(Saved entries)

◇ ◇ ◇ ◇ ◇

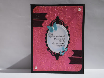 Now, being American (though maybe some of you out there are) I am not familiar with this candy, but for whatever reason, the pink and black really stood out to me in that maze of color. So, that's what I went with, adding a little bit of blue for contrast. And my use of music is subtle, but there in the sentiment. I had a totally different card in mind when I started out, but somehow it turned into this.
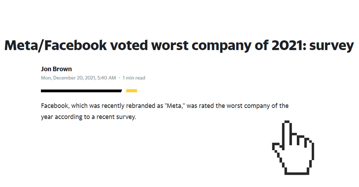 Facebook is voted as the worst company in Yahoo! Finance survey.
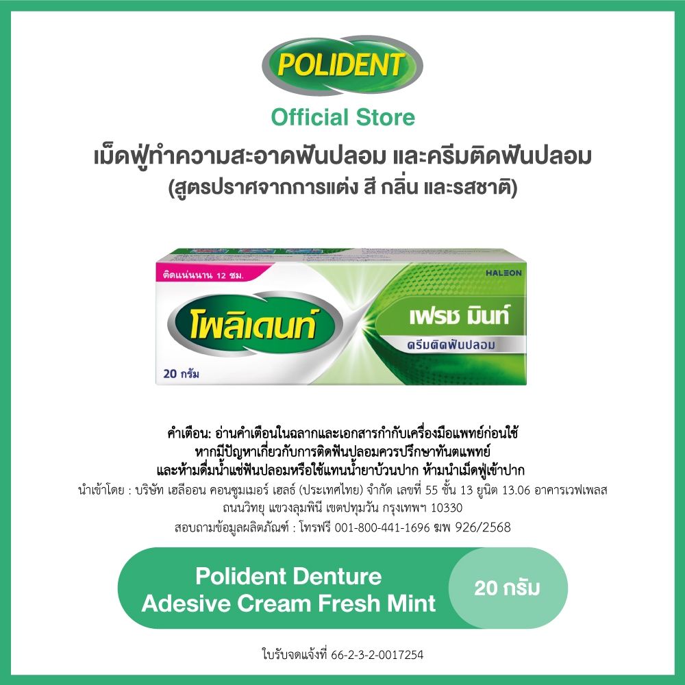 [เลือกสูตรได้] POLIDENT ADHESIVE CREAM 20G โพลิเดนท์ ครีมติดฟันปลอม
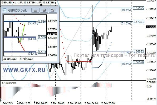 Пара GBPUSD в отличие от евро выросла в цене. Этому поспособствовали сильные данные по Великобритании, и по итогам заседания Банка Англии политика его осталась неизменной. На этой неделе рассматриваю два варианта возможного движения цены, основной красный и альтернативный зеленый, придерживаюсь красного. Значимые уровни на сегодня отмечены на часовом графике. Индикатор АО в положительной зоне и растет, указывая на желание пары двигаться вверх. Индикатор тренда указывает на рост. Вне рынка.
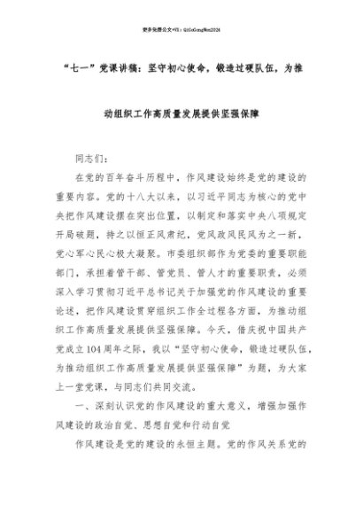【七哥公文】2025年:【七哥公文】“七一”党课讲稿:坚守初心使命,锻造过硬队伍,为推动组织工作高质量发展提供坚强保障+更多免费公文+VX:QiGeGongWen2024+更多免费公文+VX:QiGeGongWen2024
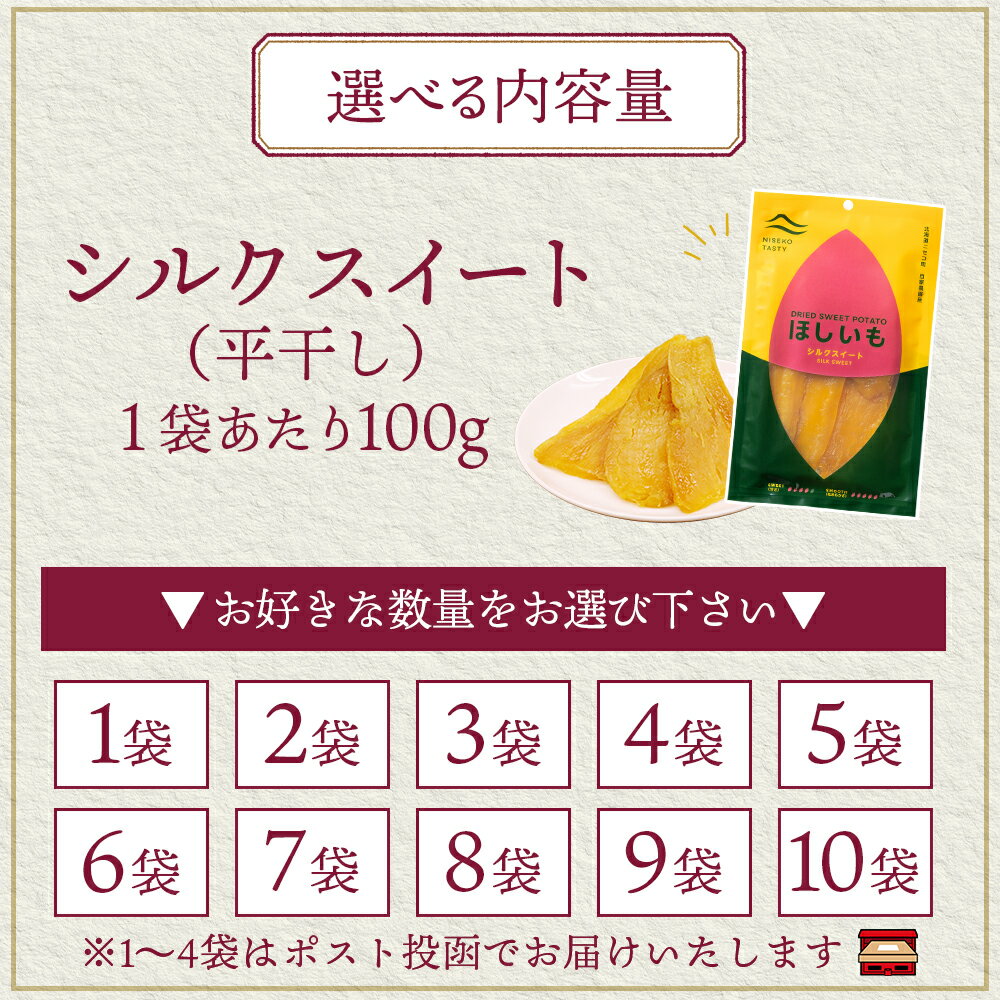 【ふるさと納税】【選べる袋数!】【ニセコ町】シルクスイート(平干し) 100g | 小分け 北海道 健康 デザート おやつ 間食 ニセコ 甘い 濃厚 やわらかい お茶うけ 風味 贅沢 おいしい 高品質 栄養価 豊富 食物繊維 食品 健康志向 お取り寄せ 北海道 ニセコ町 ニセコ【48011】
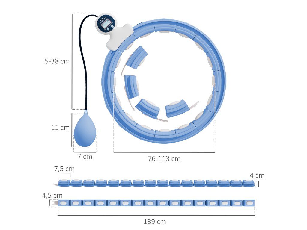 Nastavitelný design: S 16 odnímatelnými segmenty je tato hula hoop na hubnutí vhodná pro obvod pasu od 76 do 113 cm a nabízí perfektní přizpůsobení pro různé velikosti postavy.
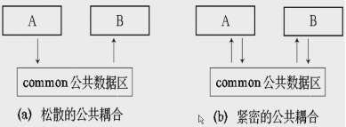 外部耦合:一组模块都访问同一全局变量而不是同一全部数据结构,而且不是通过参数表传递该全局变量的信息。(连接外部环境)
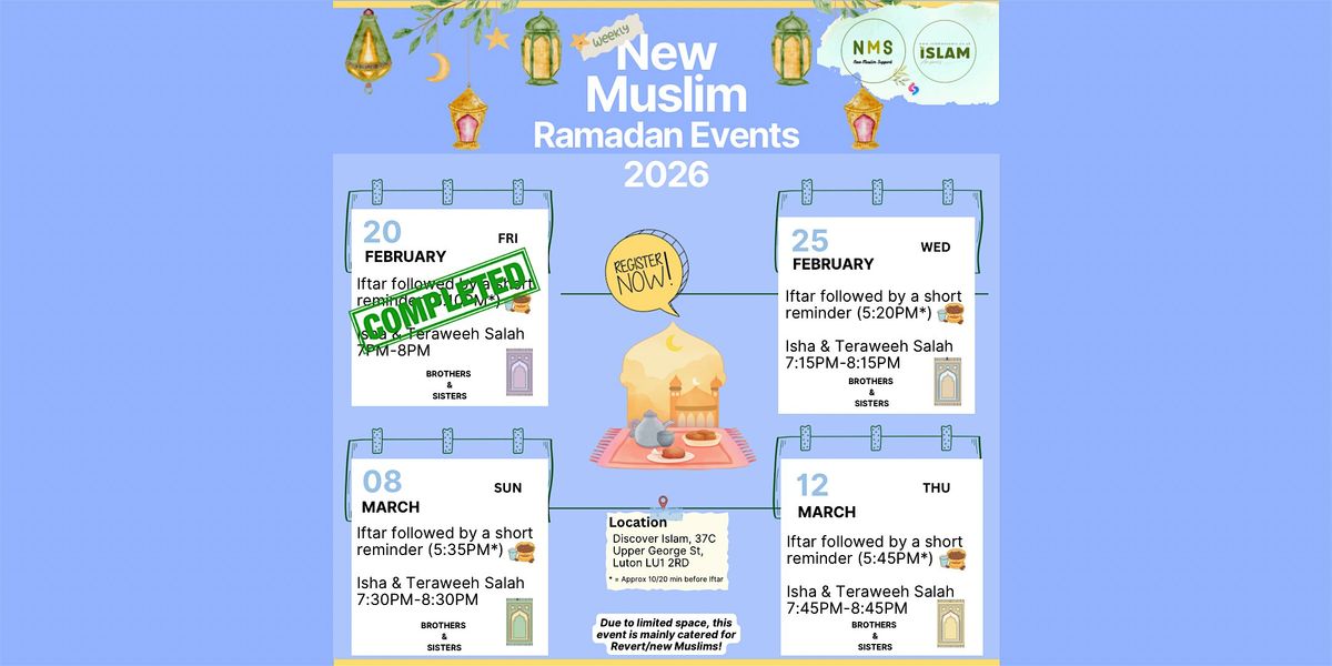Welcome to the **Revert/New Muslim Iftar & Teraweeh** event happening on **Thursday 12th Mar**! Join us at **Discover Islam** on Upper George Street in Luton, UK for an evening of delicious food and spiritual connection. The event starts at **17:45 GMT** so make sure to arrive on time. Whether you're a new Muslim or a revert, this is a great opportunity to meet others in the community and enjoy the special atmosphere of Ramadan. Don't miss out on this chance to break your fast and pray together. See you there!
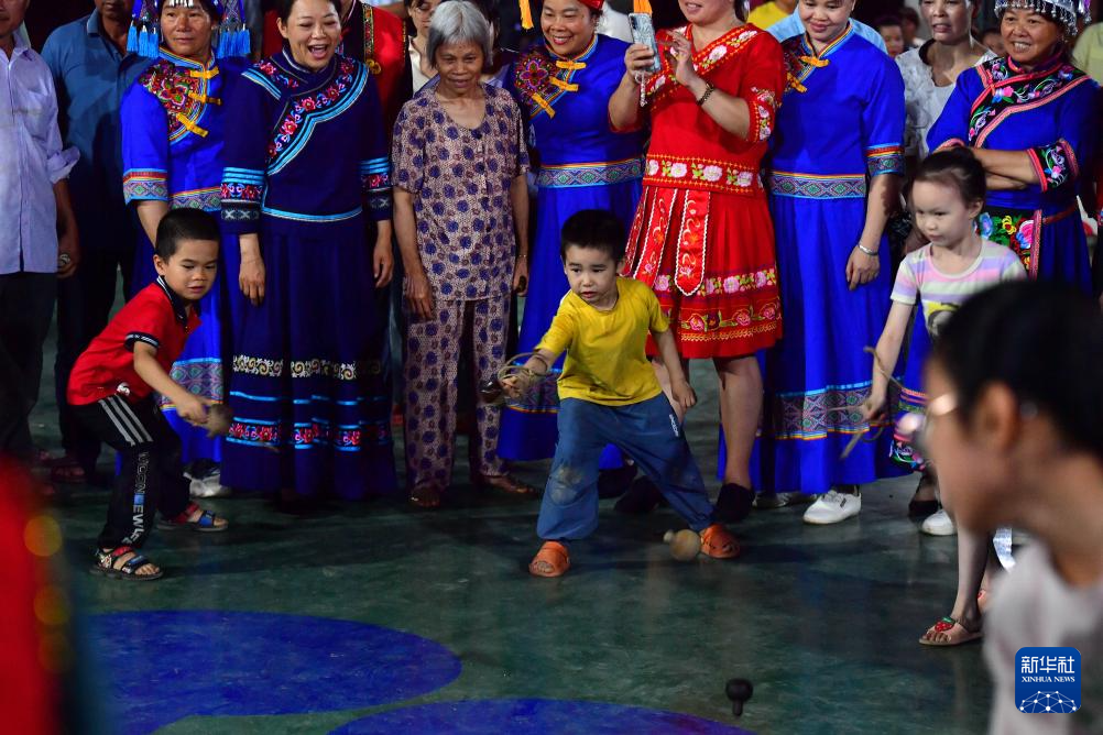 在河池市大化瑤族自治縣大化鎮仁良村,小學生在參加陀螺比賽(2024年5月25日攝)。

◇ ◇ ◇ ◇ ◇

» ASSIGNMENT: When pictures appear in the records above, leave them out and reproduce exactly each line from the first through the line containing "[เลือกสูตรได้] POLIDENT ADHESIVE", both included.

» YOUR RESPONSE:
 Now, being American (though maybe some of you out there are) I am not familiar with this candy, but for whatever reason, the pink and black really stood out to me in that maze of color. So, that's what I went with, adding a little bit of blue for contrast. And my use of music is subtle, but there in the sentiment. I had a totally different card in mind when I started out, but somehow it turned into this.
 Facebook is voted as the worst company in Yahoo! Finance survey.
 [เลือกสูตรได้] POLIDENT ADHESIVE CREAM 20G โพลิเดนท์ ครีมติดฟันปลอม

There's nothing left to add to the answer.